● **Task to complete**
Pictures excluded, reproduce exactly the lines below from the one with "Парта оснащена надстройкой, выдвижным" through the one with "用户添加完成后,进入系统设置→权限,添加自定义角色。", both included.
[Opening Dataset extract section]
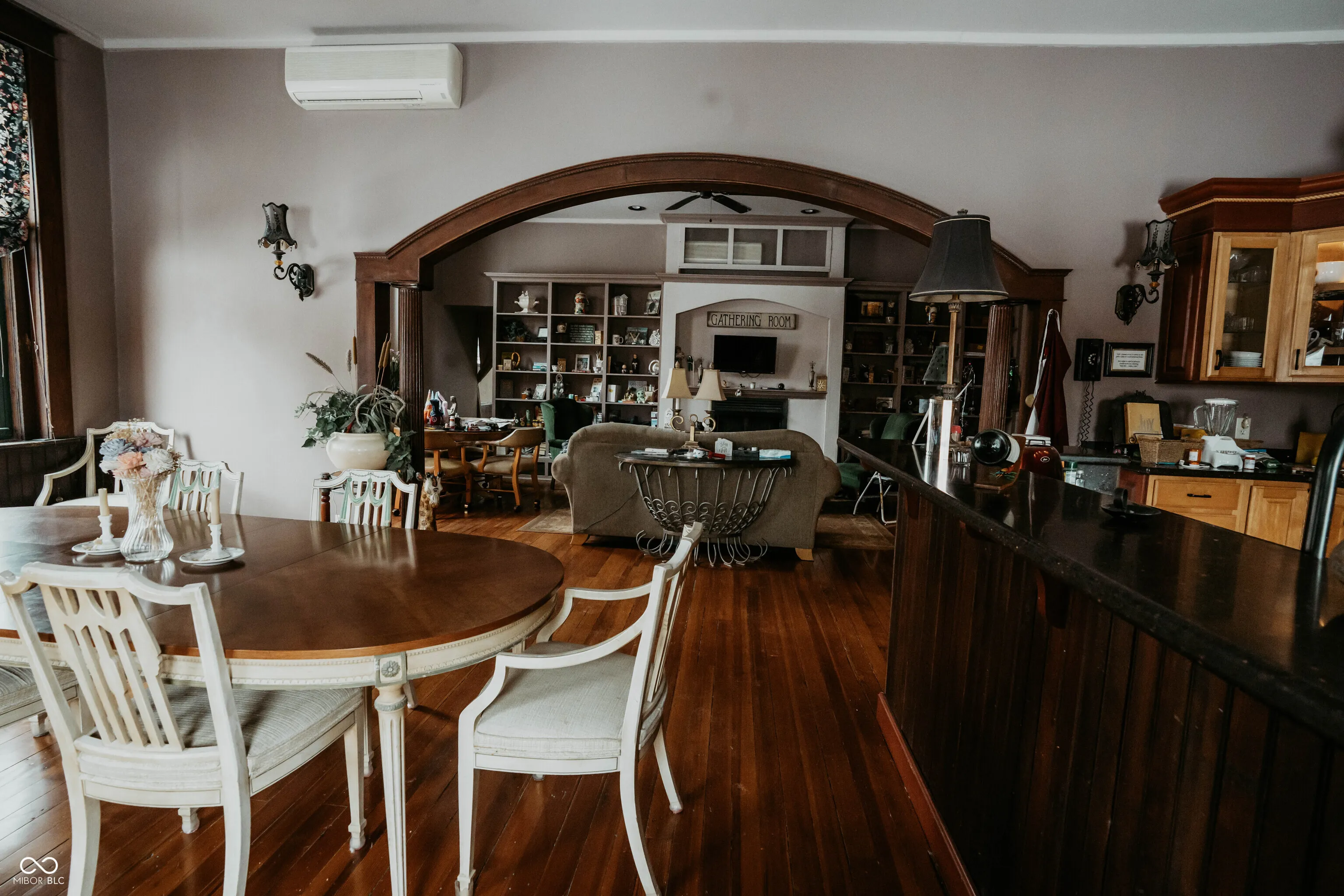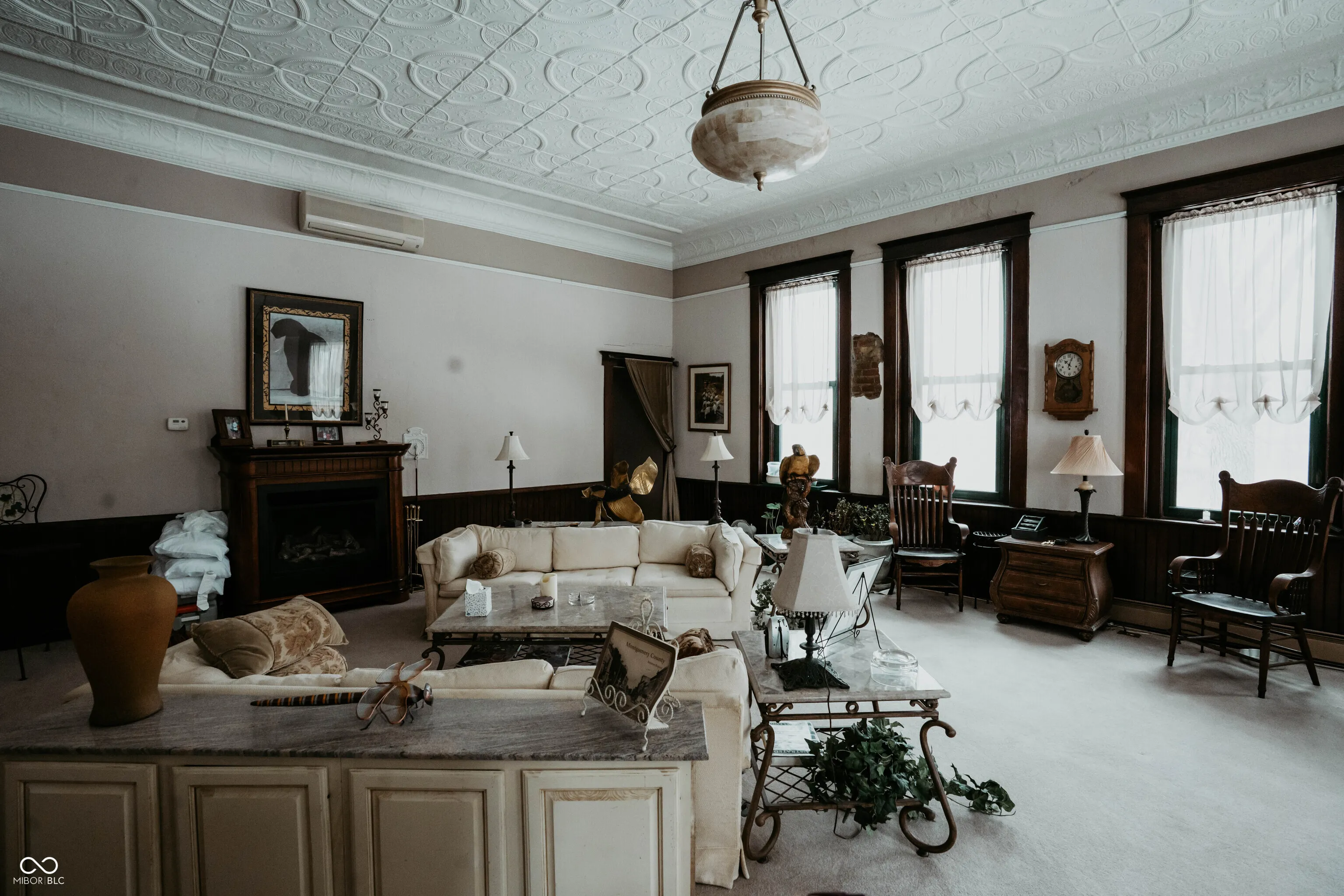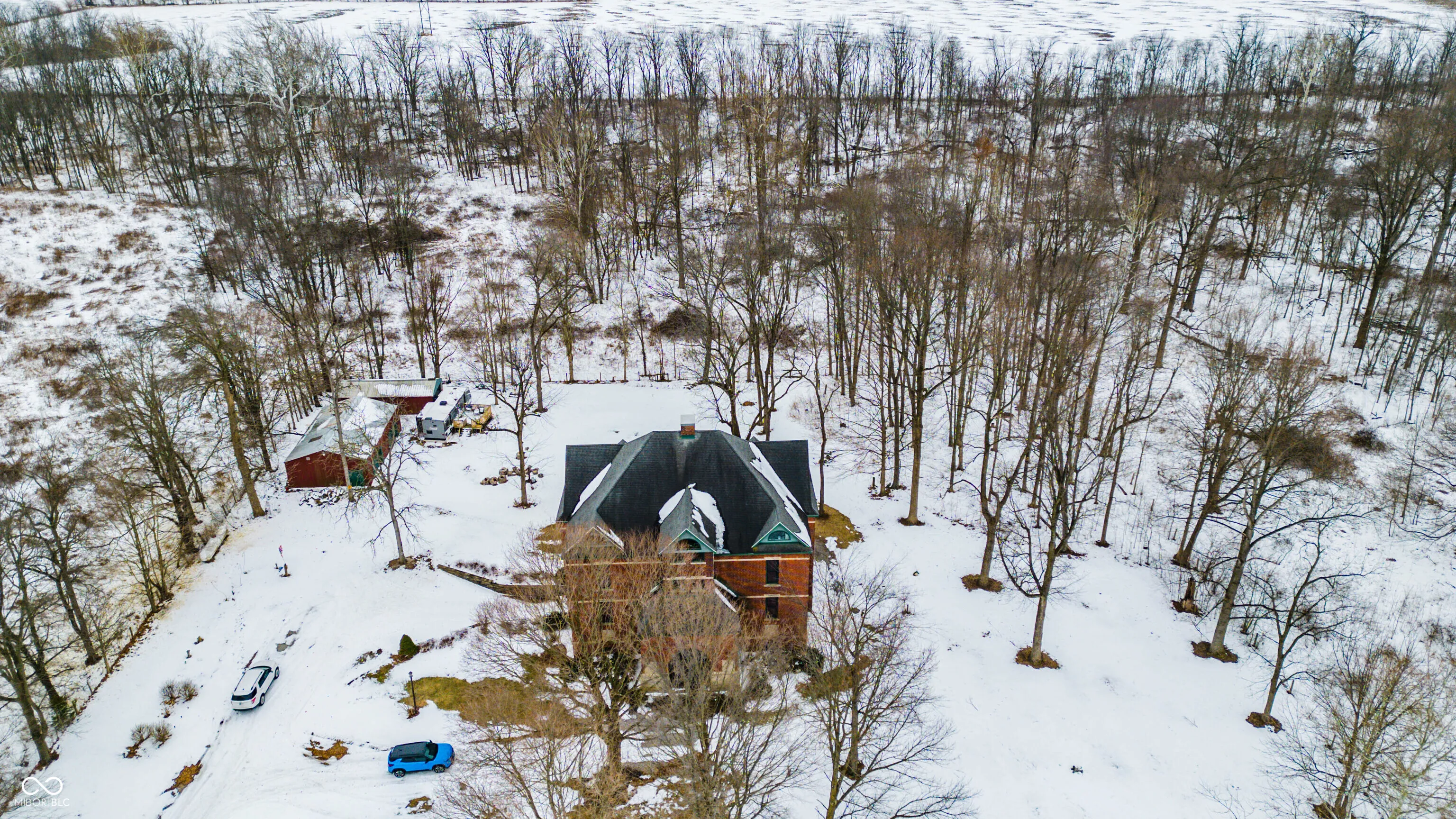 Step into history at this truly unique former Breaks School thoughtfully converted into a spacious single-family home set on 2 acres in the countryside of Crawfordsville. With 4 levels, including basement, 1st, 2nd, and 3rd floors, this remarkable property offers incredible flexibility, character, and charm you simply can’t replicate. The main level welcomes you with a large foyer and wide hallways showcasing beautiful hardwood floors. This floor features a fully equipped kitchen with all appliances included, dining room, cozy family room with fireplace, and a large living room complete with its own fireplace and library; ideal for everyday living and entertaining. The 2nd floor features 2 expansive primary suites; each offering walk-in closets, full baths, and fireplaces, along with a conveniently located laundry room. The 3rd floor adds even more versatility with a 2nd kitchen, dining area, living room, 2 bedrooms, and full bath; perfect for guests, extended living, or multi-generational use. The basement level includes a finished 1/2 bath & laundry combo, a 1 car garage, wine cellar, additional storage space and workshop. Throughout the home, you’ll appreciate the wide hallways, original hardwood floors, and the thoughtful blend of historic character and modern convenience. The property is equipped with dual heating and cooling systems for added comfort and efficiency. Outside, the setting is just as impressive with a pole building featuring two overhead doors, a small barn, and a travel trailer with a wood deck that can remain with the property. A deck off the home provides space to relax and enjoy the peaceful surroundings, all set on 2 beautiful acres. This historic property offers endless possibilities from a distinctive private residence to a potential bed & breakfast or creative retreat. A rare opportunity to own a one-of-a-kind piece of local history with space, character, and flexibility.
[Closing Dataset extract section]
[Opening Dataset extract section]
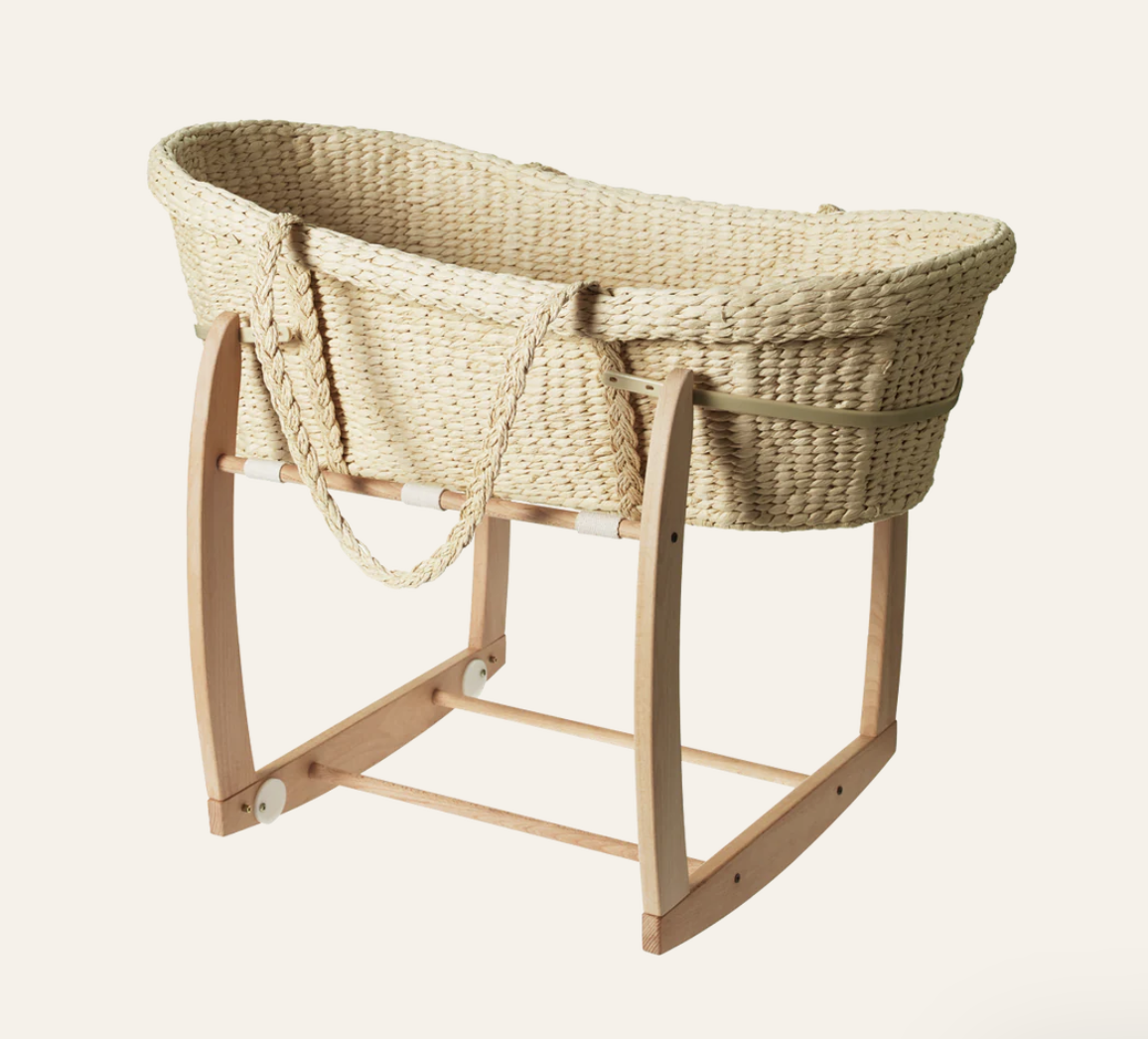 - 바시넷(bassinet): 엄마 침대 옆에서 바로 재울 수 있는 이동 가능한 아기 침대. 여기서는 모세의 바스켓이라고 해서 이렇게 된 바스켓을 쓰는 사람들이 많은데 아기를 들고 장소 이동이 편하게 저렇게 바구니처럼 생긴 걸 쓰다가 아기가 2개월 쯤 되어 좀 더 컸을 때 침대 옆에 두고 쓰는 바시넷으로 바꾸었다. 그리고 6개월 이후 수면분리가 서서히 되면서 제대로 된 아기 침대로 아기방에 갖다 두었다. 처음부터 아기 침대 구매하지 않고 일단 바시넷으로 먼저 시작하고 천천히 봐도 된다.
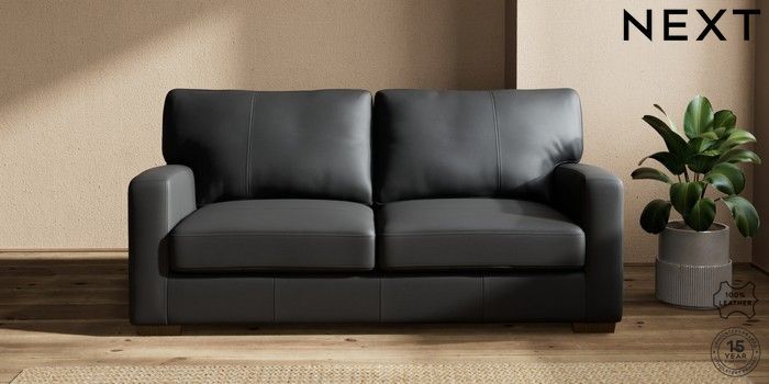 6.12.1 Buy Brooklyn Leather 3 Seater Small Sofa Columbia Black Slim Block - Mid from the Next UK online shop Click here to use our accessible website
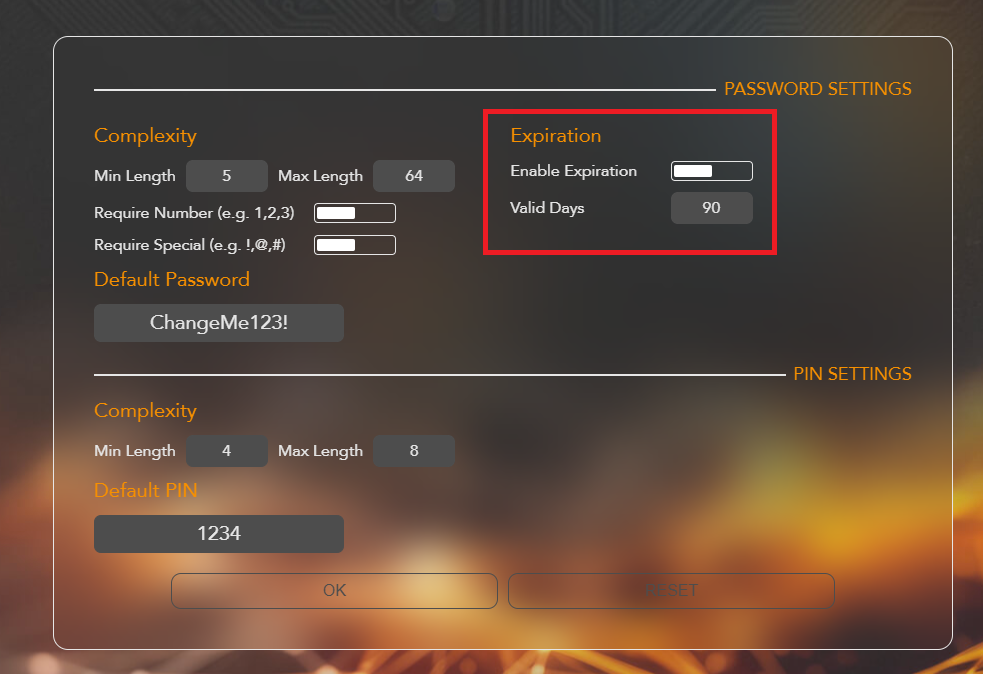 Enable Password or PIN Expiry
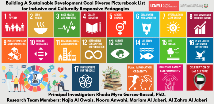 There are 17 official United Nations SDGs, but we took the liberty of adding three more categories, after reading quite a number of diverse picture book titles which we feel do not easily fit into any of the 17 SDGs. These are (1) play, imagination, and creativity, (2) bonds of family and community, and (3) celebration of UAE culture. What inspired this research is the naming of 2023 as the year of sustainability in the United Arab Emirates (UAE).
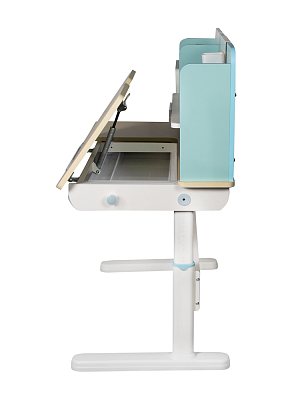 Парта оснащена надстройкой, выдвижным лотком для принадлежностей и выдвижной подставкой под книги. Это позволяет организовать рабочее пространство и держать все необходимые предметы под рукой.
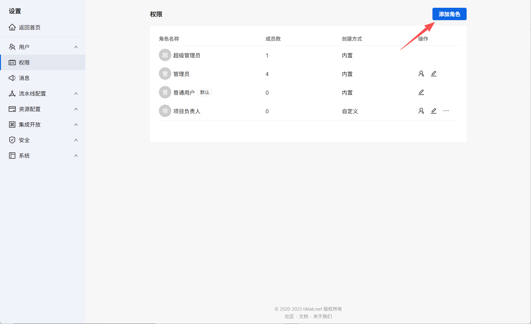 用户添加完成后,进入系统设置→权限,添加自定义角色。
[Closing Dataset extract section]
[Opening Dataset extract section]
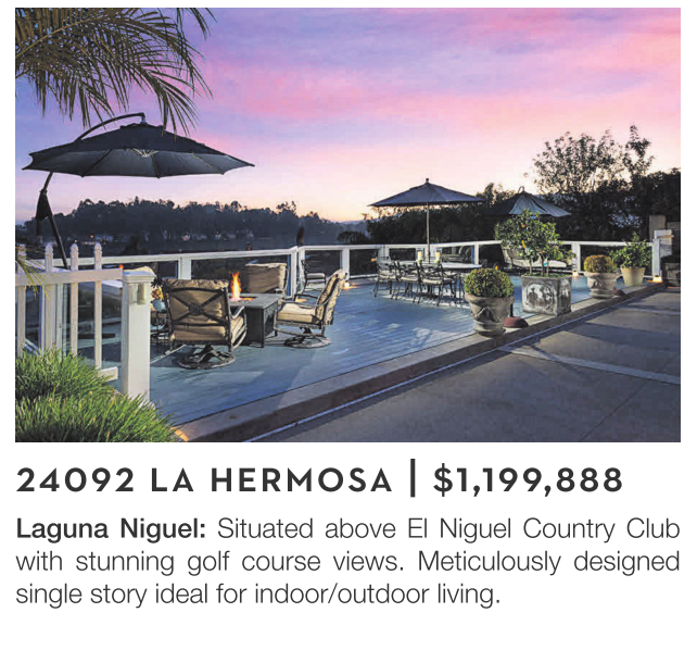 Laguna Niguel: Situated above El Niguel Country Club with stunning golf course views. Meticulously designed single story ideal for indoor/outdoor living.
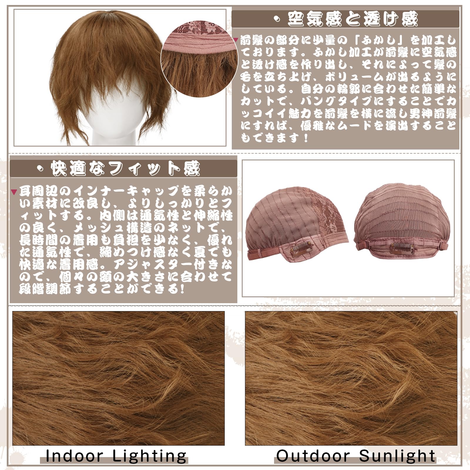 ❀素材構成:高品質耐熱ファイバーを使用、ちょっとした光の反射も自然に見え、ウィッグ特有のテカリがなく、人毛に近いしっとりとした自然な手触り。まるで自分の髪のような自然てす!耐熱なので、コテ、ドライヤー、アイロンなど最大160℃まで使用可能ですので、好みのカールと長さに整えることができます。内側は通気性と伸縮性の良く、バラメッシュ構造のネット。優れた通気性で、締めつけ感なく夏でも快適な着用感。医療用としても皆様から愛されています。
[Closing Dataset extract section]
● **Exercise output**
 Парта оснащена надстройкой, выдвижным лотком для принадлежностей и выдвижной подставкой под книги. Это позволяет организовать рабочее пространство и держать все необходимые предметы под рукой.
 用户添加完成后,进入系统设置→权限,添加自定义角色。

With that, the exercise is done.